CLO 4.  Develop and implement mitigation strategies as well as administrative and technical risk management plans to protect and secure process control systems.

 

Resources for Attendees

There is no textbook that attendees need to obtain. A variety of resource material will be made available to the attendees as needed throughout the course.

Who should attend

The course is to be tailored to both IT and engineering professions with varying degrees of background knowledge. 

 

Facilitators

CAMERON SANDS is a career automation professional who has worked in industrial and commercial automation roles for more than 30 years. His extensive experience includes work in the traditional critical infrastructure of electrical generation and distribution, sewage and potable water treatment and distribution, oil and gas, banks, communications and datacentres, transportation systems, food manufacturing, hospitals, and defence. His specialist expertise includes programming industrialised systems such as programmable logic controllers (PLC’s), supervisory control and data acquisition (SCADA), human machine interfaces (HMI’s), servo drives, industrial vision systems, automated/laser guided vehicles (AGV’s/LGV’s), industrial robotics as well as transfer systems for data to, around and from the plant. He also has experience in the typically non-industrial areas of building management systems (BMS’s), security, access control and CCTV systems.
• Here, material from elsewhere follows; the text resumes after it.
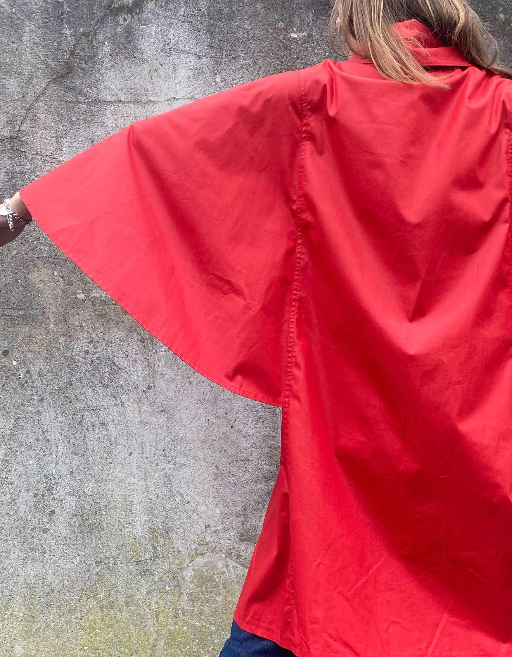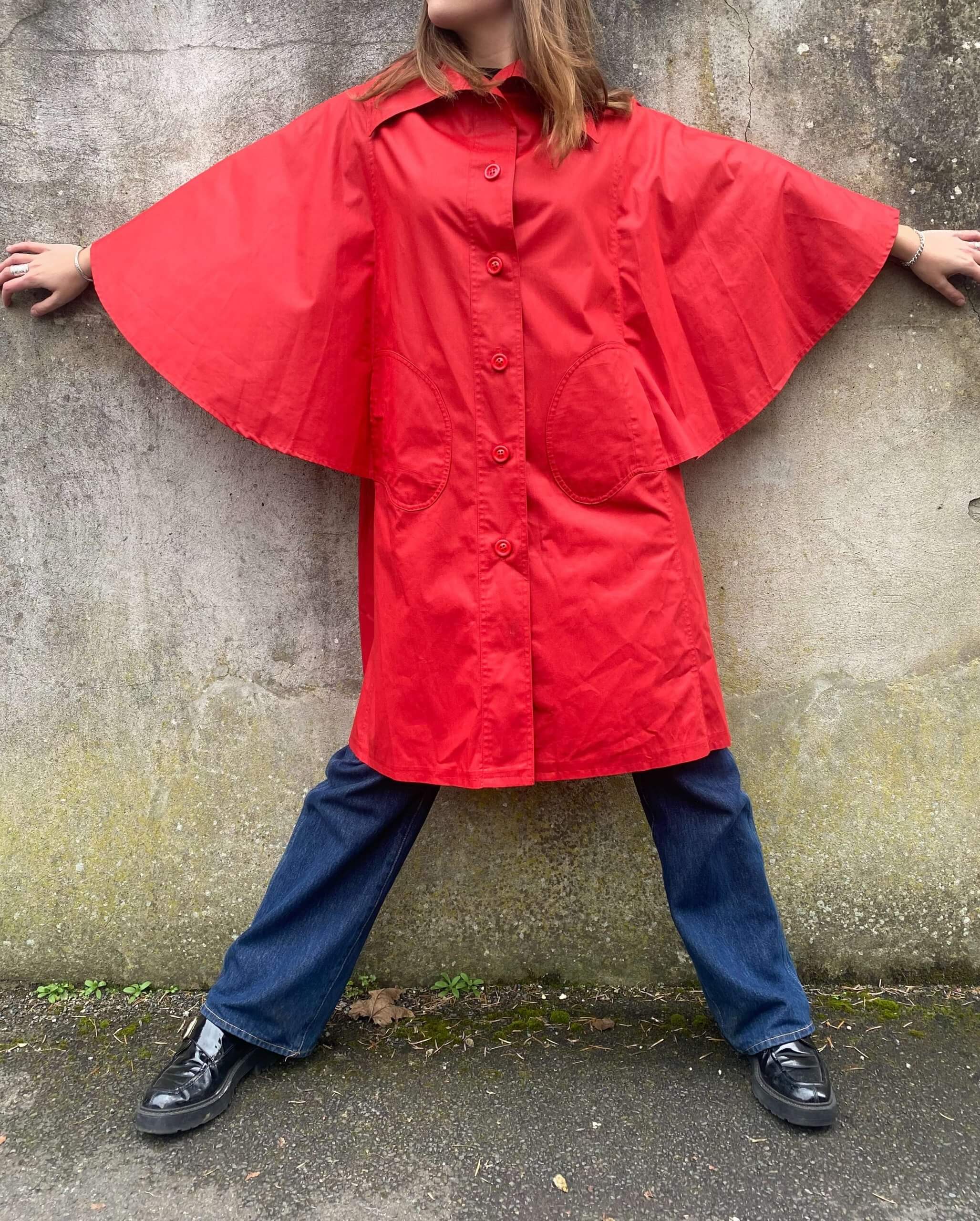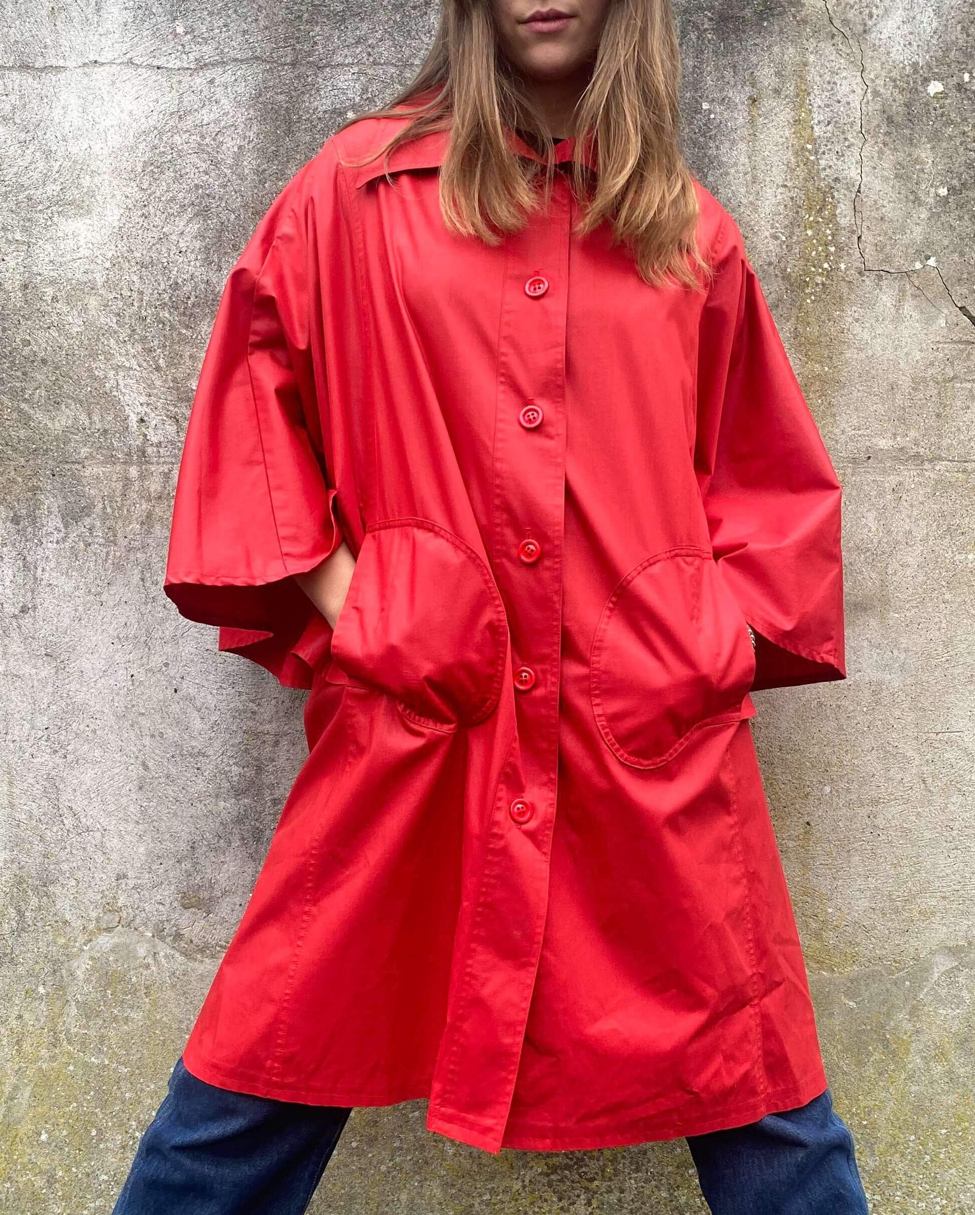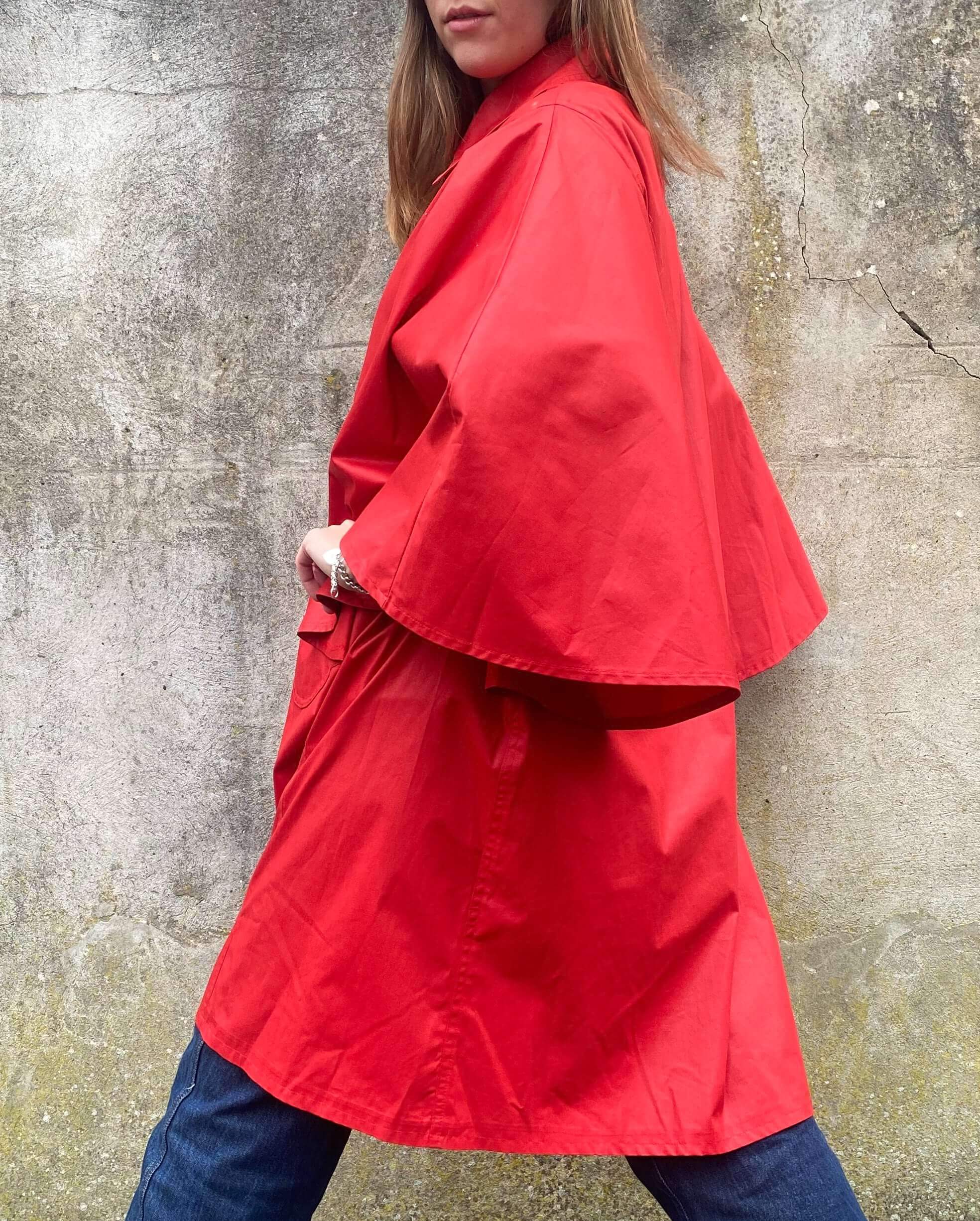 1960s Red Wax Cotton Mac – Iconic Vintage Outerwear with Bold Elegance

A major part of his time is spent on site commissioning his projects.  He is a certified professional electrical engineer and has completed post graduate studies in cyber security and computer forensics as well as having trade qualifications in electrical, data, solar and security. He is a member of the Australian Standards Committee for Australia’s primary electrical standards and has been teaching at several universities since 2012.

RAY HUNT did a Masters degree in Electrical Engineering (Christchurch) and PhD (Adelaide) and has worked in the airline industry designing international networks. He has also taught in a variety of Universities in Australia, New Zealand, Asia, Vancouver and London. Over the last 20 years he has provided numerous training courses and consultation for industry and Governments including Defence, NZ and Police (NSW) in the areas of networks and cybersecurity. He has visited Asia over 70 times in the last 25 years. Specifically, these have included numerous workshops for British Aerospace (Australia), Reuters and AT&T (Hong Kong), Ministry of Defence and Fujitsu (Singapore), Royal Holloway College, London and Vodafone (New Zealand) as well as a variety of related workshops in Bangkok, Taiwan and Kuala Lumpur.

Current Positions:

  • Visiting Associate Professor, Royal Holloway College, University of London
  • Adjunct Associate Professor, Flinders, Adelaide, Australia
  • Adjunct Associate Professor, University of Canterbury, New Zealand

Cancellation policy

Courses will be held subject to sufficient registrations. UNSW Canberra reserves the right to cancel a course up to five working days prior to commencement of the course. If a course is cancelled, you will have the opportunity to transfer your registration or be issued a full refund. If registrant cancels within 10 days of course commencement, a 50% registration fee will apply. UNSW Canberra is a registered ACT provider under ESOS Act 2000-CRICOS provider Code 00098G.